Yesterday, the temperature was perfect. Absolutely, perfect. A wee bit warm. But in July we gotta have some serious warm, otherwise it wouldn't even feel like summer, ya know.


The most interesting topic of conversation was bugs. Now, I'm sure most of you are very aware that GMO and pesticide laden produce are not the best items to consume. However, organic has a certain ick factor you just don't see a lot in a grocery store setting. We sat in the sun and partially shucked ears of corn, looking for some ick. And we found some. Corn Borers had visited every other ear. Most were at the top and a simple whack with a butcher knife took care of the problem. Others were buried deep. The farmer summed it up like this. "Let's consider that the occasional creature or evidence of them is like the canary in the mine. Absolute proof that all is well." Meaning that if you see a bug in your CSA box, proof positive that the produce has not been sprayed with poison. And, well, pick your poison. I choose the creepy crawlie poison. I can at least do a Mexican hat dance on them and chop of the evidence of their existence. Pesticides are doing damage within me that I can't see but may have to deal with the evidence of later. 
 
Our farm box contained:


Kohlrabi. (Delicious, snappy and almost the texture of raw potatoes or jicama.)  Sweet corn and TOMATOES. Dinner was pomodoro (tomatoes, garlic, basil) over pasta and with a glorious side of sweet corn. Yummo.
(and not so yummo, other organic product of the bug variety)
And the bunnies. Well. They are stinking cute. See. 

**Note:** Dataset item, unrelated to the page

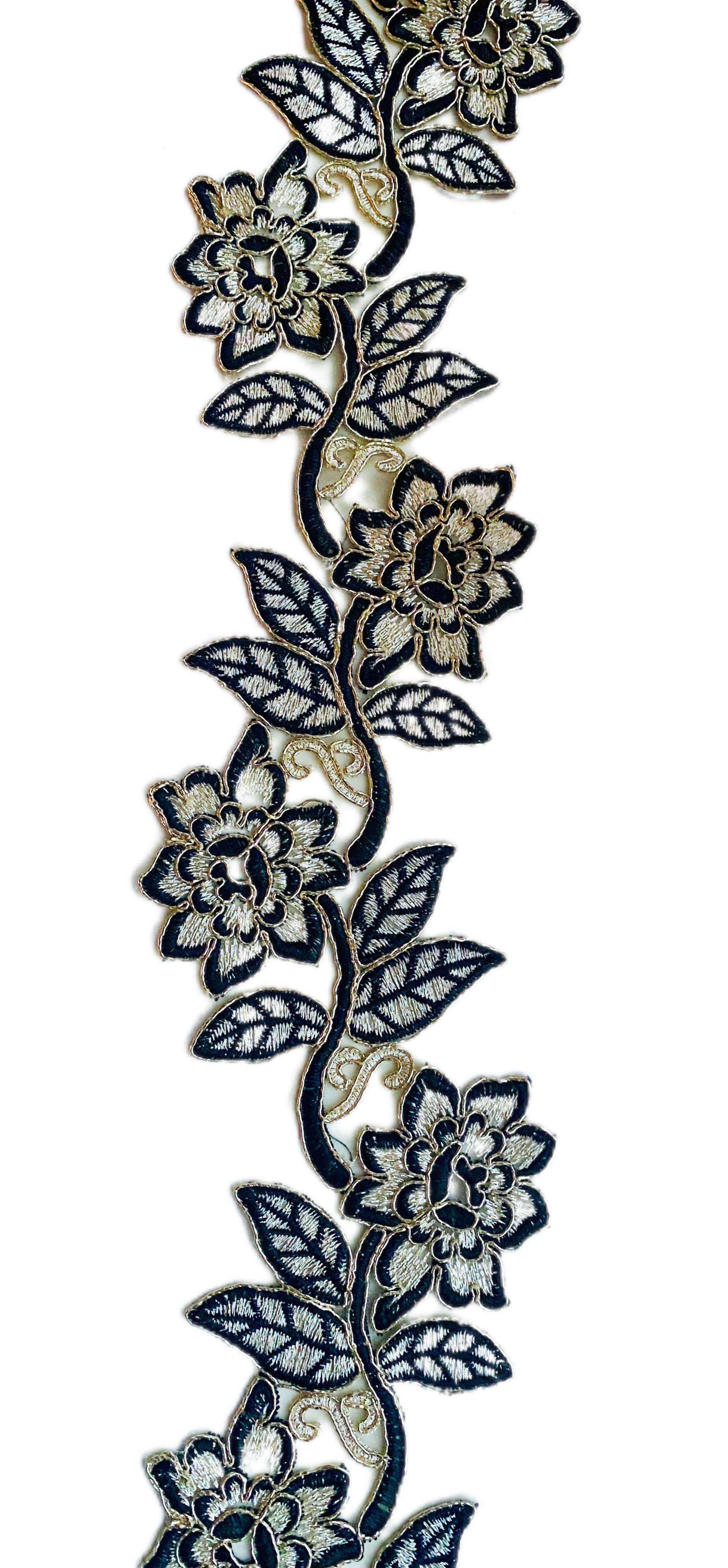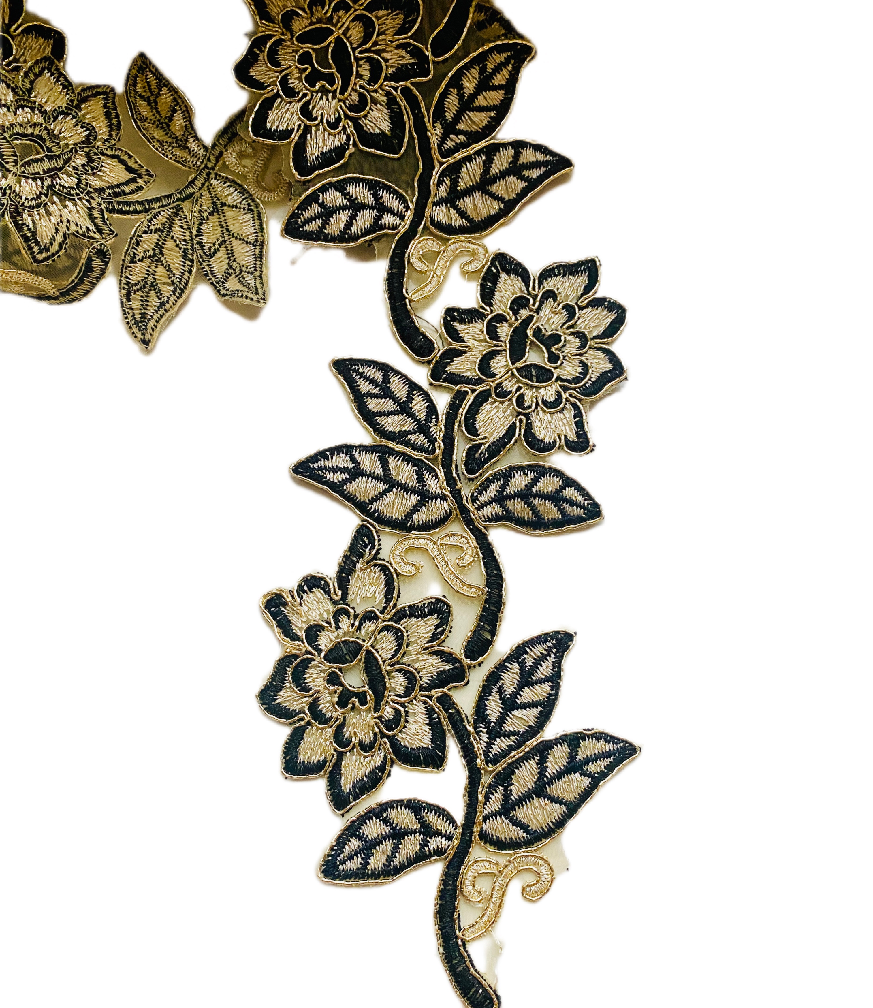 Эффектное кружево на тонкой прозрачной сетке, выполненное в бежево-черном цвете с изящным контуром из золотистого корда. Объёмный цветочный орнамент подчёркнут плотной вышивкой, создающей выразительный рельеф и благородный визуальный эффект. Фигурный край с ажурными элементами придаёт кружеву утончённость и декоративную завершённость.
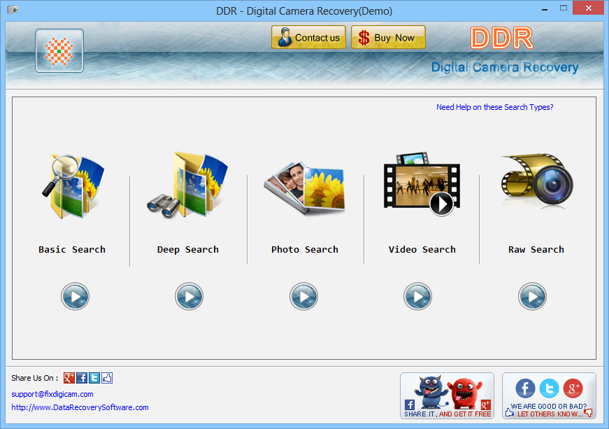 DDR - Digital Camera Recovery is a tiny program designed to help you overcome this predicament and restore media files that you deleted accidentally from the camera's storage

By the way. The stay at the cabin was heavenly. The lake breeze took the edge off the higher than normal temperatures. Other than the 4th of July fireworks mosquito attack, it was fabulous. In Minnesota, mosquitoes are wicked big, band together in swarms, relentless, and come out as the sun goes sets. Bodies pelted us as we tried to get a gander of the fireworks over the water. Note to self: Take a beekeeper suit or mosquito netting to the lake if I want to be out after dark.